‘Aye, well, thanks for the lift, Mr Daley,’ Fearney announced loudly and deliberately. ‘But like I telt yer men, ye’ll get nae mair fae me, nae matter whoot ur the consequences.’ He smiled – nervously, Daley thought – at the man with the shotgun, who had now taken an aggressive stance, his hitherto disarticulated shotgun now in its firing position, held across his chest in his large hands.
Daley walked towards him, his hand outstretched. ‘Jim Daley,’ he said. ‘I’m the local chief inspector. How are you?’ He smiled at Fearney’s neighbour, who pointedly did not take up his offer of a handshake.
‘I’m careful whose hand I shake, mate,’ the man replied, with an arrogant look on his face, chin up. Stocky, of middle height, he wore filthy black wellington boots, into which his dark green waterproof trousers were tucked. His hair was shaved close to his head, and his face was just beginning to take on the jowly appearance of middle age. He looked as though he had once been powerfully built; fit, now running to fat, Daley knew all about that.
‘Mr Fearney tells me you help him out on the farm?’ said Daley. He stood three feet away from his camouflaged interlocutor, towering over the man.
‘Yeah, I do as it goes,’ he replied. ‘Is that a police matter, now?’
‘What’s your name?’
‘You mean Dunky-boy here hasn’t told you?’ He turned to Fearney. ‘You ashamed of me, Dunky?’ He sneered at Fearney, who shuffled uncomfortably, looking as though he wished the ground would swallow him up.
‘Your name, sir,’ Daley repeated, this time more forcefully.
‘Paul. Paul Bentham, to be precise. Happy now?’ His accent was from somewhere in the south-east of England – not cockney, but not far off. ‘Nice of you to give me mate here a lift, but we’ve got a lot of work to do, especially since you’ve had ’im rotting in your cells at Kinlock,’ he snorted, mispronouncing the town’s name in an anglicised fashion.
‘What have you been doing with the gun, Mr Bentham?’ Daley looked at him coolly; already, he had developed a dislike for the man.
‘Oh, you know, Mr Daley,’ Bentham said, moving forward until he and the police officer were almost toe to toe. ‘Lot of vermin about right now – especially today, as it goes.’ His sneer transformed into a lop-sided grin as he stared up at Daley.
The chief inspector was beginning to feel increasingly irritated by Bentham, but rather than lose his temper, he forced himself to speak to the man quietly, leaning his head forward, so close that he could smell stale alcohol on the other man’s breath.
‘Have you got a licence for that, Mr Bentham?’ It was Daley’s turn to smile.
Bentham looked at the policeman for a few heartbeats, then answered: ‘Yeah, what d’you fink?’

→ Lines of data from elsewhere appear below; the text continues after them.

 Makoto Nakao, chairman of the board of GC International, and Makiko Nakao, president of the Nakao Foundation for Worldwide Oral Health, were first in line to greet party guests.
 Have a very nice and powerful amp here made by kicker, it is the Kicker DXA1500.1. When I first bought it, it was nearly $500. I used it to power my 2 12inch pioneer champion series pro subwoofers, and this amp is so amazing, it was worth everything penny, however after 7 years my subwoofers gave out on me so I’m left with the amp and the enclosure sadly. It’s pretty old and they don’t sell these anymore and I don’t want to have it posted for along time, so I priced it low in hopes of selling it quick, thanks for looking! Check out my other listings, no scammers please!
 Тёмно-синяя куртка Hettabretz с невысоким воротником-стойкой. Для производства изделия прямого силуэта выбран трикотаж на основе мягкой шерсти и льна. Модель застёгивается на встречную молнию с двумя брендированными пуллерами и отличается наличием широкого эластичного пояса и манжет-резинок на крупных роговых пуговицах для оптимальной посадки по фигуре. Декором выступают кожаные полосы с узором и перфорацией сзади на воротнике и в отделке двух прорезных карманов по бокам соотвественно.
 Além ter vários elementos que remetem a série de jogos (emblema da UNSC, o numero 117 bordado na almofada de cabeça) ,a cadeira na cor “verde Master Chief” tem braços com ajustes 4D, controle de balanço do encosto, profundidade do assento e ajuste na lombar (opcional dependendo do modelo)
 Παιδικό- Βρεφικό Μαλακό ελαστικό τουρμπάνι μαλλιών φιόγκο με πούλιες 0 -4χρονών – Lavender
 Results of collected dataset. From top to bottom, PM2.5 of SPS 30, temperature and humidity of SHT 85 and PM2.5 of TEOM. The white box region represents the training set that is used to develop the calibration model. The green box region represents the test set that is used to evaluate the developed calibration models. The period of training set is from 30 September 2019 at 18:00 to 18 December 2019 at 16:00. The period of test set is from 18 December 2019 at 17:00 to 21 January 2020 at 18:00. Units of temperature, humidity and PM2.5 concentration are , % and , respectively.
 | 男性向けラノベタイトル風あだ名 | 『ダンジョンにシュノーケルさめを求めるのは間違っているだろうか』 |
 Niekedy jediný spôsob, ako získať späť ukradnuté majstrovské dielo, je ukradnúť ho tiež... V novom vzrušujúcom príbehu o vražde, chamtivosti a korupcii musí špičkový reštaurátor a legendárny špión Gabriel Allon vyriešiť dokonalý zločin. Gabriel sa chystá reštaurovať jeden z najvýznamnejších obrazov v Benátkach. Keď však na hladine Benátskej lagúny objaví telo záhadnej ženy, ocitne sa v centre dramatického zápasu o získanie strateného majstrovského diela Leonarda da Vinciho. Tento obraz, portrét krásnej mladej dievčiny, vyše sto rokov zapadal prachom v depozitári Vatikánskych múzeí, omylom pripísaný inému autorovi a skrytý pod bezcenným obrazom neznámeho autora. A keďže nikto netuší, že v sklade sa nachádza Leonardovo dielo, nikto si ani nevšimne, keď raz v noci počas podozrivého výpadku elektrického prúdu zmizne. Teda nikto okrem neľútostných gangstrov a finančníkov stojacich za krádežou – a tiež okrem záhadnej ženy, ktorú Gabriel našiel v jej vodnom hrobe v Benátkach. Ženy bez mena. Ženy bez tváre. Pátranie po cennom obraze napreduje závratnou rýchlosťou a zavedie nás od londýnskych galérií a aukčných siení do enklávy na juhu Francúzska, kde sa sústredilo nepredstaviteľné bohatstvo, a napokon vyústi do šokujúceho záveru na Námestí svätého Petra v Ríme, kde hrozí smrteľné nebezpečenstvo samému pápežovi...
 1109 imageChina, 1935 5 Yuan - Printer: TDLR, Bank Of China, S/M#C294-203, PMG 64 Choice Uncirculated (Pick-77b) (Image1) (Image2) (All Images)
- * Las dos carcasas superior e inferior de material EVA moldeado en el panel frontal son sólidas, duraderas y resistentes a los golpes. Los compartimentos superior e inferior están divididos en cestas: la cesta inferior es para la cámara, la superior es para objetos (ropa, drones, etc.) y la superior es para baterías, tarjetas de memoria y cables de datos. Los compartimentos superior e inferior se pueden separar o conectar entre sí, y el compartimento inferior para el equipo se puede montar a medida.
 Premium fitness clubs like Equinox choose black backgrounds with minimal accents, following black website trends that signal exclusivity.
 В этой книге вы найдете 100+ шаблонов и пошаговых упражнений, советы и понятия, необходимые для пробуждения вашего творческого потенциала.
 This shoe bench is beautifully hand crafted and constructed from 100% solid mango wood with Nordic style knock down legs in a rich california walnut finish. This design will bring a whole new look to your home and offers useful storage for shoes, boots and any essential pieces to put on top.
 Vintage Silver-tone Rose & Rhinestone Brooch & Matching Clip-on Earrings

‘Good, so you won’t object to producing it at Kinloch Police Office within the next forty-eight hours, then,’ he said.
Despite his best efforts, the smile on Bentham’s face faded slightly. ‘No problem. What time’s best for you, Mr Daley?’
Daley leaned his head back, rubbing his chin as though he was considering some intractable problem. ‘What about nine tomorrow morning?’ He smiled back down at Bentham, taking full advantage of his taller, heftier build.
The man was about to answer when Daley held up his hand. ‘Wait a minute,’ he said with a smile. ‘I know you and Mr Fearney here have a lot to be getting on with, and I don’t want to keep you back.’
Fearney gave a nervous snort, clouds of cold breath issuing from his nostrils into the cold air.
‘I’ll have my officers attend your property instead. You know, check your firearm storage facilities and that your records are up to scratch – much easier than you having to trek all the way into the town.’ And with that, Daley turned on his heel and walked back to the car.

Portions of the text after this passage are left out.